*What you have to do*
Reproduce exactly, with no pictures, each line from the opening of the material down through the line containing "本发明属于互联网金融技术领域".

*Exercise inputs*
*** Begin section ***

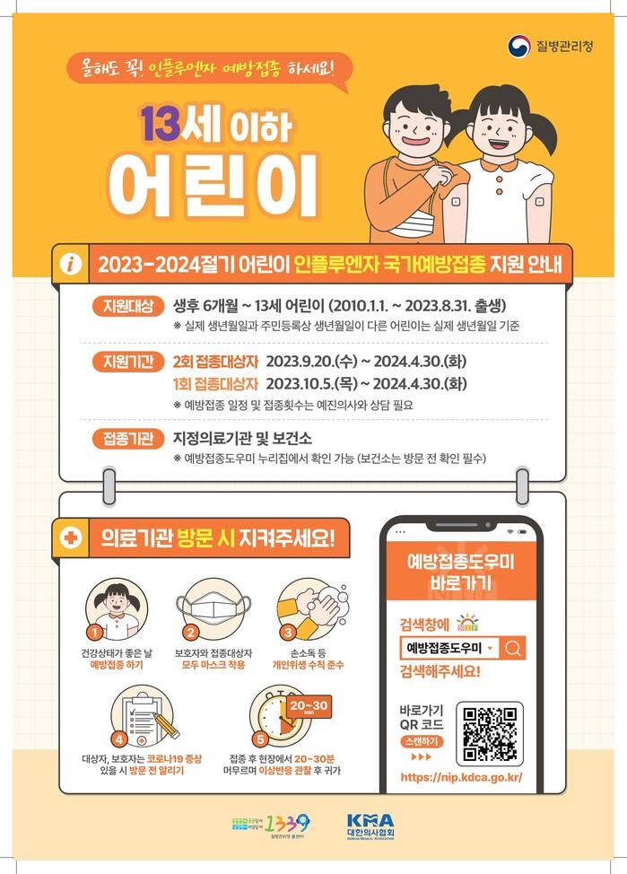 오는 9월 20일부터 실시하는 어린이 2회 접종 대상자는 생후 6개월부터 만 9세 미만 중 생후 처음인 경우, 2023년 6월까지 인플루엔자 백신을 1회만 접종한 경우, 이전 접종력을 모르는 경우가 해당되는 어린이 대상이다.
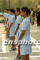 訓練有素的禮儀小姐十六日在南京國際會展中心門口迎候出席世界華商大會的代表們。中新社記者 史利 攝
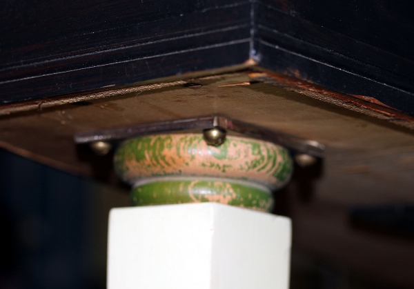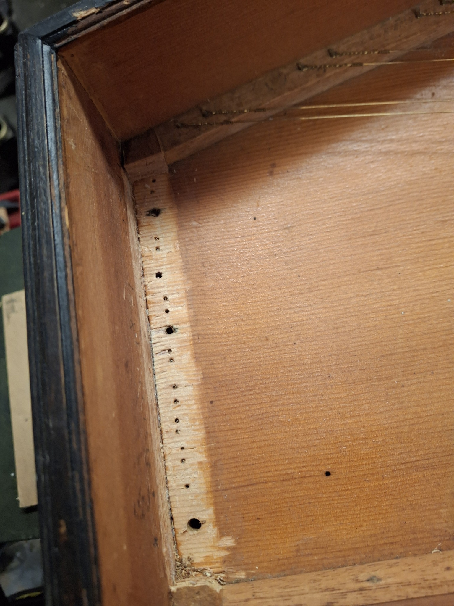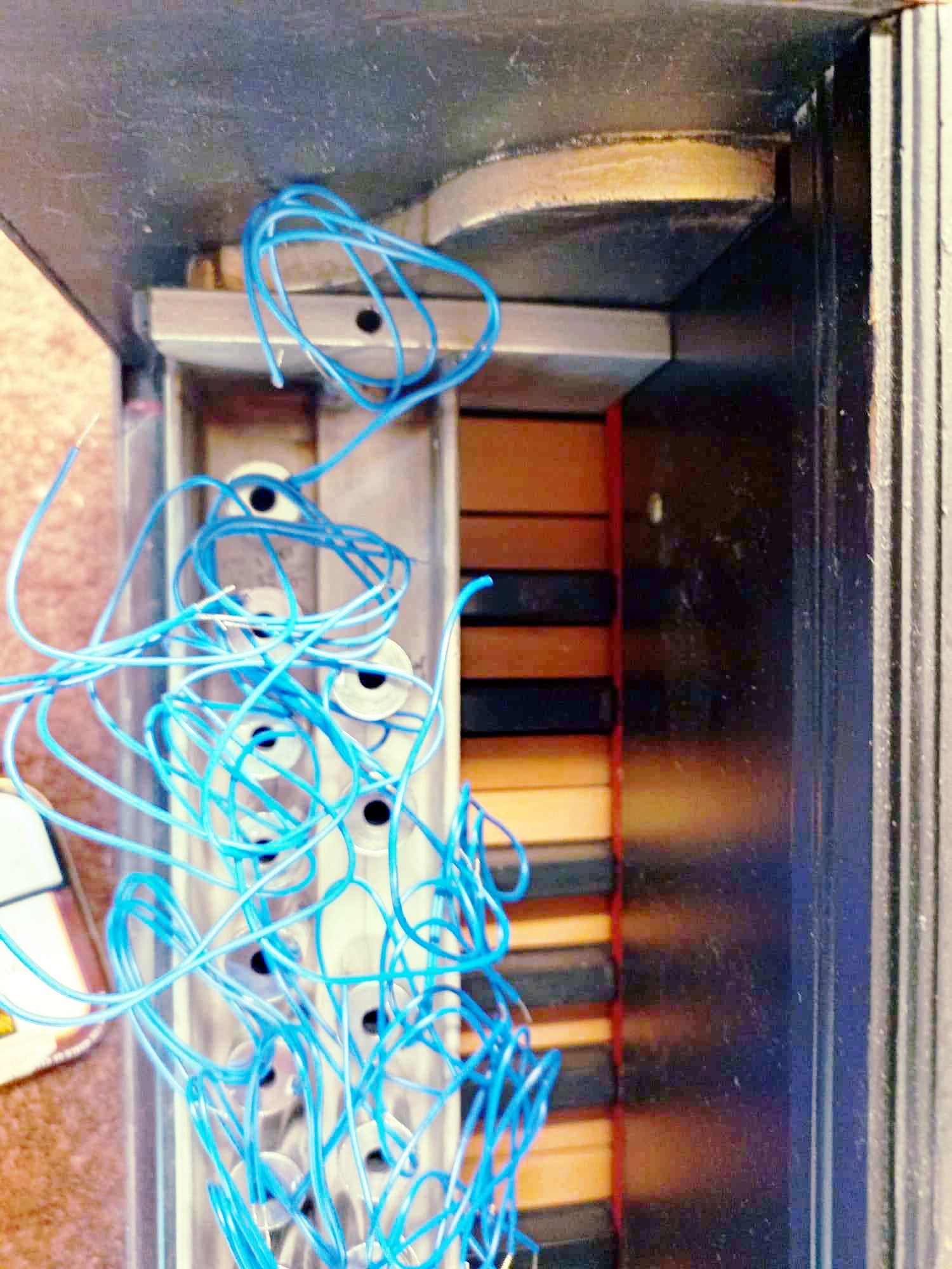 Voor het wegnemen van de vorsetzer evenals voor het verwijderen van de slede met de voedingen en de besturingscomputer, moet de stroom volledig uitgeschakeld worden. Ook voor het wegnemen van de demperlat -nodig bij het stemmen van de chromatische noten van het instrument- raden we sterk aan de stroom volledig uit te schakelen. Op die wijze kan vermeden worden dat vallende metalen werktuigen en/of onderdelen kortsluiting zouden kunnen veroorzaken... Let op: er zit een los drukveertje onder de demperlat! Laat het niet verloren gaan. Probleem is wel dat zonder stroom geen registers kunnen ingeschakeld worden, met wat omzichtigheid echter is het goed mogelijk de besturing ingeschakeld te laten tijdens het stemmen. We voorzagen bovendien twee uitstekende stukjes hout, vastgekleefd op de dokkenlijsten aan de rechterkant waarmee de registers ook handmatig kunnen bewogen worden.
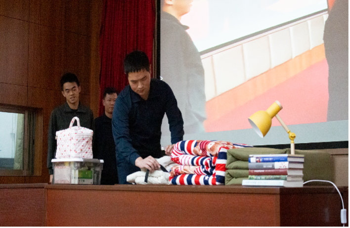 11月30日下午,学院寝室文化节决赛暨宿舍内务整理大赛在博学堂举行,并现场邀请退伍大学生嘉宾为同学们进行内务整理标准讲解和展示。
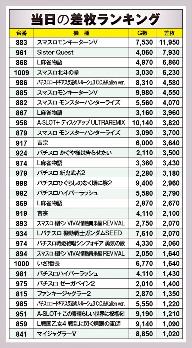 ※差枚数順に掲載しています。
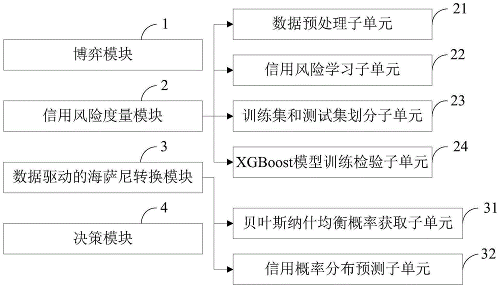 本发明属于互联网金融技术领域,公开了一种基于XGBoost驱动的海萨尼转换金融决策处理系统,首先构造出不完全信息互联网贷款信用博弈模型;然后采用统计学习方法度量贷款申请者的信用风险;接着进行信用风险驱动的海萨尼转换;最后基于博弈论和统计学习对互联网金融企业的贷款决策给出建议。本发明通过信息处理系统可以解决互联网金融中贷款申请者的信用风险度量问题,从而帮助互联网金融企业科学定量地认识贷款申请者,进一步分析他们之间的博弈关系时,可以帮助企业在处理申请贷款时做出正确的贷款决策,并制定出规避或控制风险的应对措施,保持企业健康的发展态势,促进互联网金融的健康稳定发展。
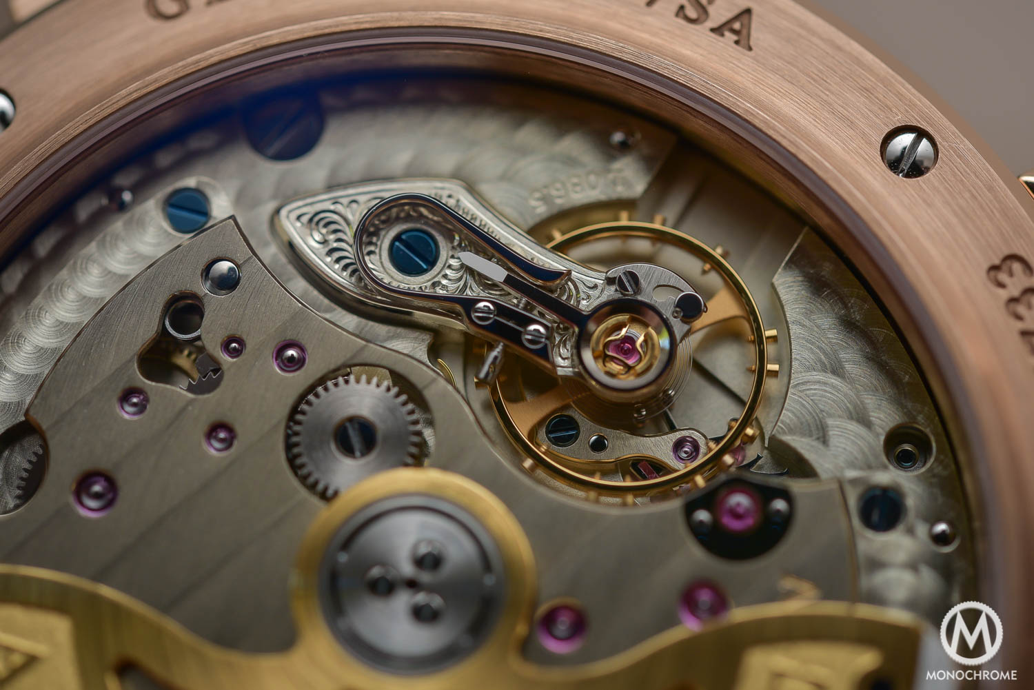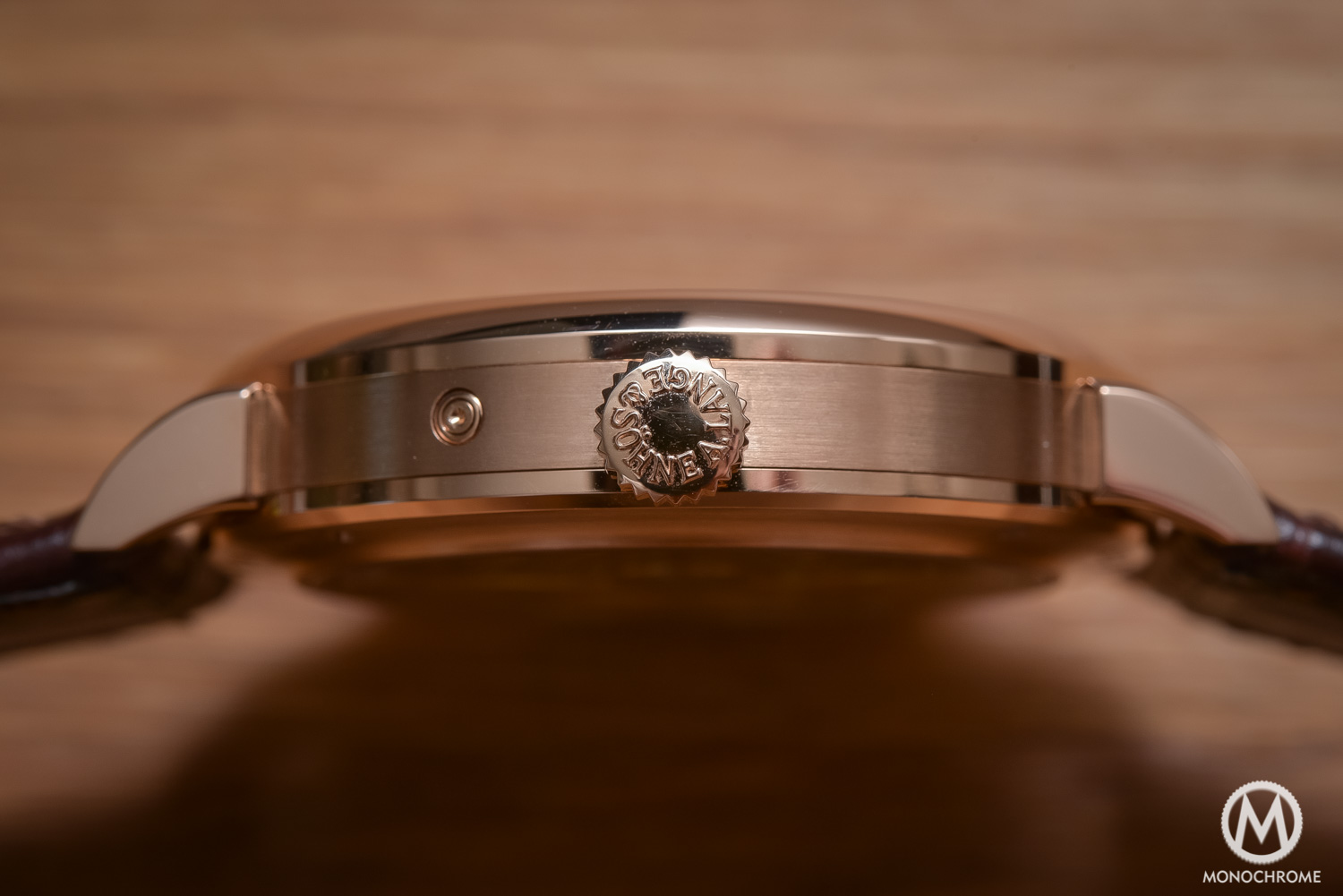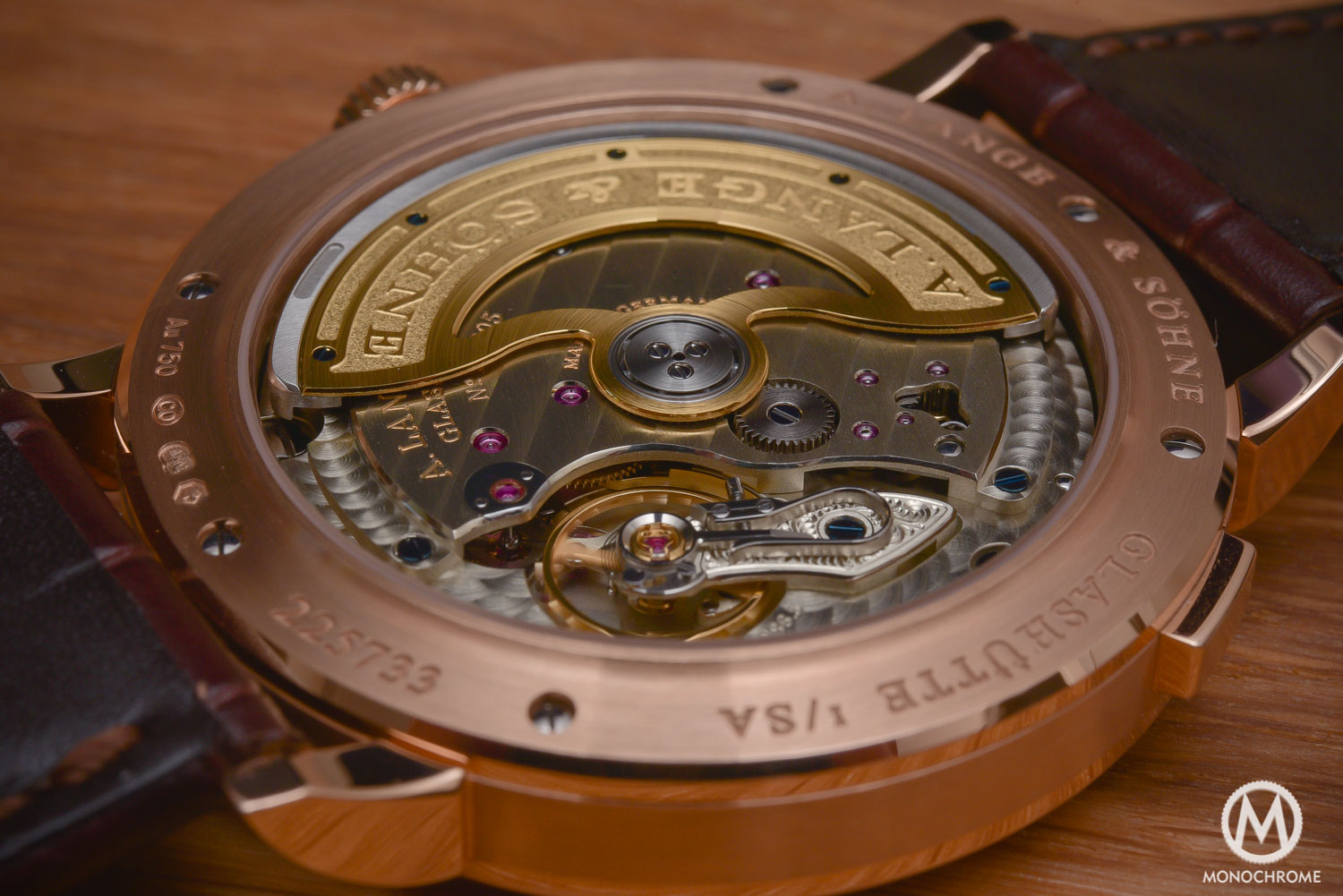 What about the case itself? Well, as usual with A. Lange & Söhne, the execution is above expectations. It is neat, precise, perfectly adjusted, polishings are delicate… Some nice craftsmanship for sure. The case has the traditional bombé bezel, polished, the usual satined flanks and a caseback that is polished on its edges – creating a contrast with the satined flanks – and that is brushed on the lower surface. I always loved this brushed caseback. I know it is a detail, but I think it is a wiser choice than the previous polished surfaces, because it gives the back an even more technical look (and God knows how technical Lange watches look on the back side) and it prevents from all possible traces that the watch has when worn (yes, casebacks, even on a Lange, are dirty).

*** End section ***

*Result of the exercise*
 오는 9월 20일부터 실시하는 어린이 2회 접종 대상자는 생후 6개월부터 만 9세 미만 중 생후 처음인 경우, 2023년 6월까지 인플루엔자 백신을 1회만 접종한 경우, 이전 접종력을 모르는 경우가 해당되는 어린이 대상이다.
 訓練有素的禮儀小姐十六日在南京國際會展中心門口迎候出席世界華商大會的代表們。中新社記者 史利 攝
 Voor het wegnemen van de vorsetzer evenals voor het verwijderen van de slede met de voedingen en de besturingscomputer, moet de stroom volledig uitgeschakeld worden. Ook voor het wegnemen van de demperlat -nodig bij het stemmen van de chromatische noten van het instrument- raden we sterk aan de stroom volledig uit te schakelen. Op die wijze kan vermeden worden dat vallende metalen werktuigen en/of onderdelen kortsluiting zouden kunnen veroorzaken... Let op: er zit een los drukveertje onder de demperlat! Laat het niet verloren gaan. Probleem is wel dat zonder stroom geen registers kunnen ingeschakeld worden, met wat omzichtigheid echter is het goed mogelijk de besturing ingeschakeld te laten tijdens het stemmen. We voorzagen bovendien twee uitstekende stukjes hout, vastgekleefd op de dokkenlijsten aan de rechterkant waarmee de registers ook handmatig kunnen bewogen worden.
 11月30日下午,学院寝室文化节决赛暨宿舍内务整理大赛在博学堂举行,并现场邀请退伍大学生嘉宾为同学们进行内务整理标准讲解和展示。
 ※差枚数順に掲載しています。
 本发明属于互联网金融技术领域,公开了一种基于XGBoost驱动的海萨尼转换金融决策处理系统,首先构造出不完全信息互联网贷款信用博弈模型;然后采用统计学习方法度量贷款申请者的信用风险;接着进行信用风险驱动的海萨尼转换;最后基于博弈论和统计学习对互联网金融企业的贷款决策给出建议。本发明通过信息处理系统可以解决互联网金融中贷款申请者的信用风险度量问题,从而帮助互联网金融企业科学定量地认识贷款申请者,进一步分析他们之间的博弈关系时,可以帮助企业在处理申请贷款时做出正确的贷款决策,并制定出规避或控制风险的应对措施,保持企业健康的发展态势,促进互联网金融的健康稳定发展。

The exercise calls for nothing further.